As title says, how big can a git-annex repo be?
My use case is this: I have a few external hard disks (like 2TB, 3TB etc) and each of them have a bunch of files. Ideally I would like to keep all of the data organized in a single git annex repo. However, there are probably a handful of really big files and a LARGE number of really small files, and I doubt its a good idea to put all of them in together.
What should be my biggest concern? I assume file size is not a problem, and I should either tar/zip smaller files into much bigger ones and annex that, or split it up into multiple small annex repositories.
Any suggestions? What do the rest of you with similar amounts of data do?
It can actually get really big and still be okay to use, if you follow the tips page for annexs with lots of files.
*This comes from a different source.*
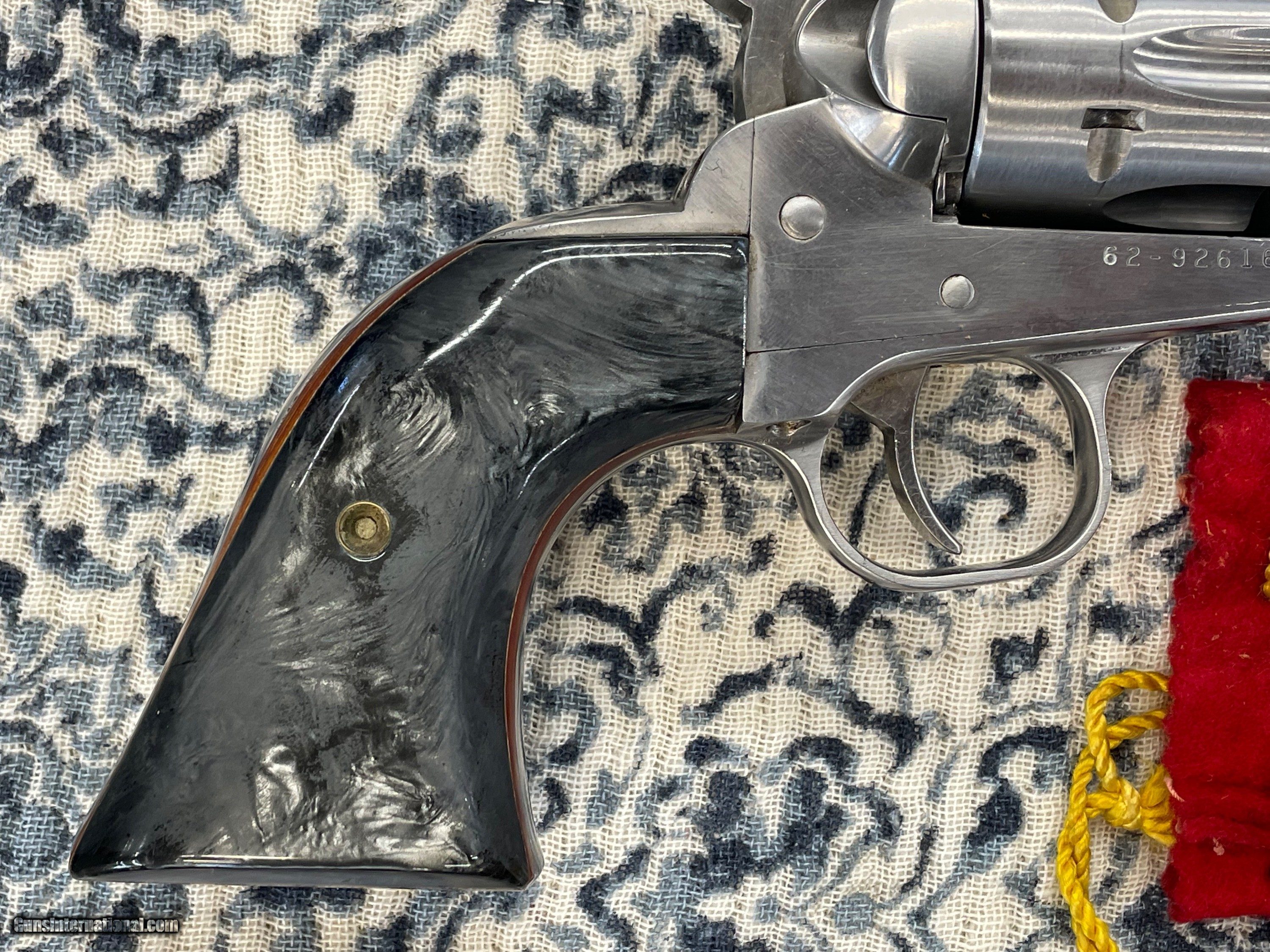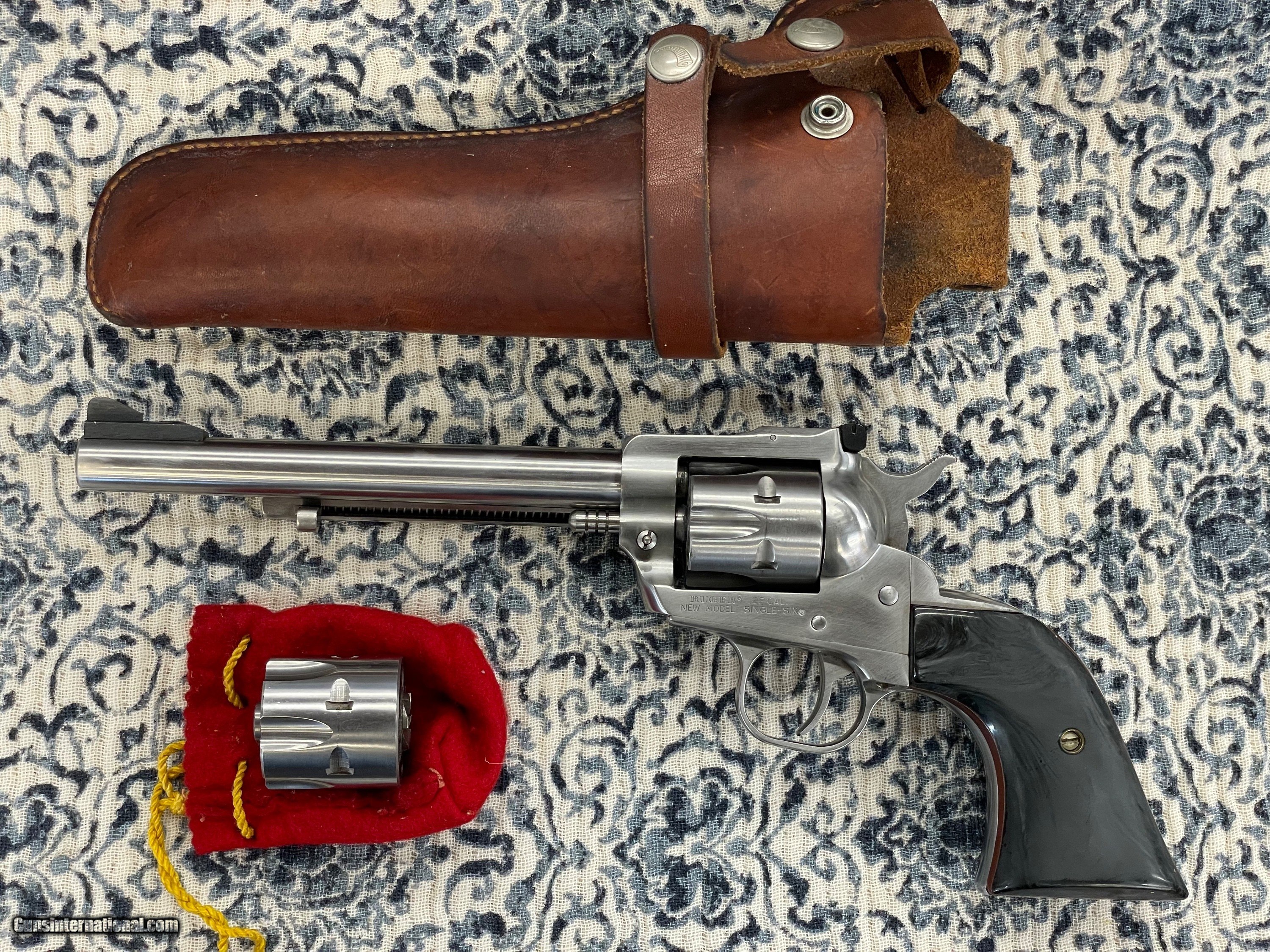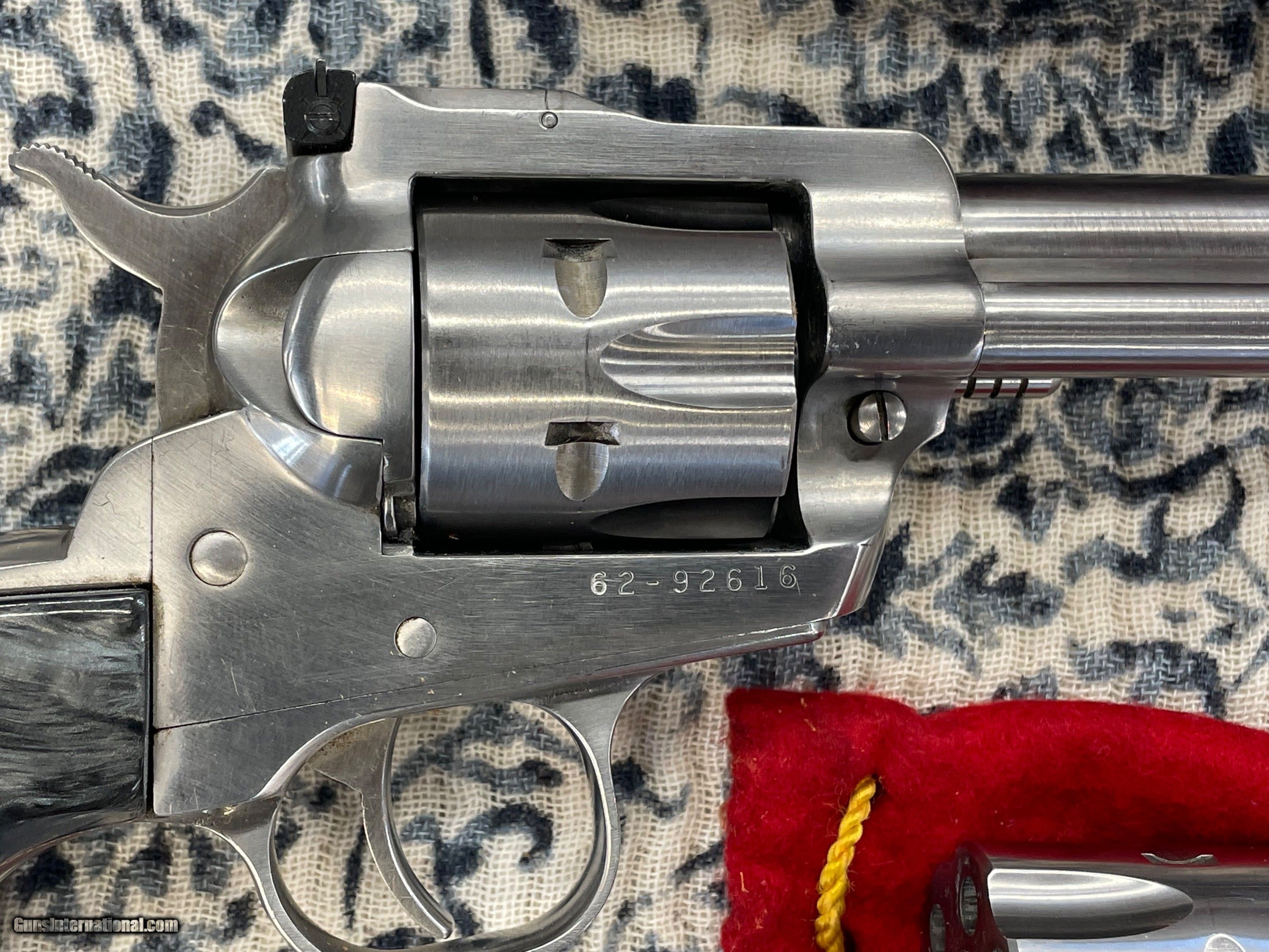 Description: Ruger New Model Single Six .22lr cylinder & .22 mag cylinder 6.5" barrel. Excellent condtion. s/n 62-92616. production year: 1976 Comes with leather Hunter holster Manufacturer: Ruger Model: New Model Single Six Barrel Length: 6.5 Price: $550.00 Shipping: $30.00 Contact Seller |

Mine is still reasonably responsive at 10 million files! Iterating over it all (git annex info, deduping) is really painful though, but it'd be like that without git-annex..
Depending on the total size of the small files, you might consider a mixed repo, with the small files checked into git normally, and the larger files annexed.
The advantage is that you then don't need to use git-annex commands to manage the many small files. This will probably be faster, for except you won't need to
git annex get
a ton of small files, which will avoid a lot of overhead.Of course, if you have gigabytes of small files, that will result in a git repo gigabytes in size, and you will start to run into some of the scalability problems that git-annex addresses.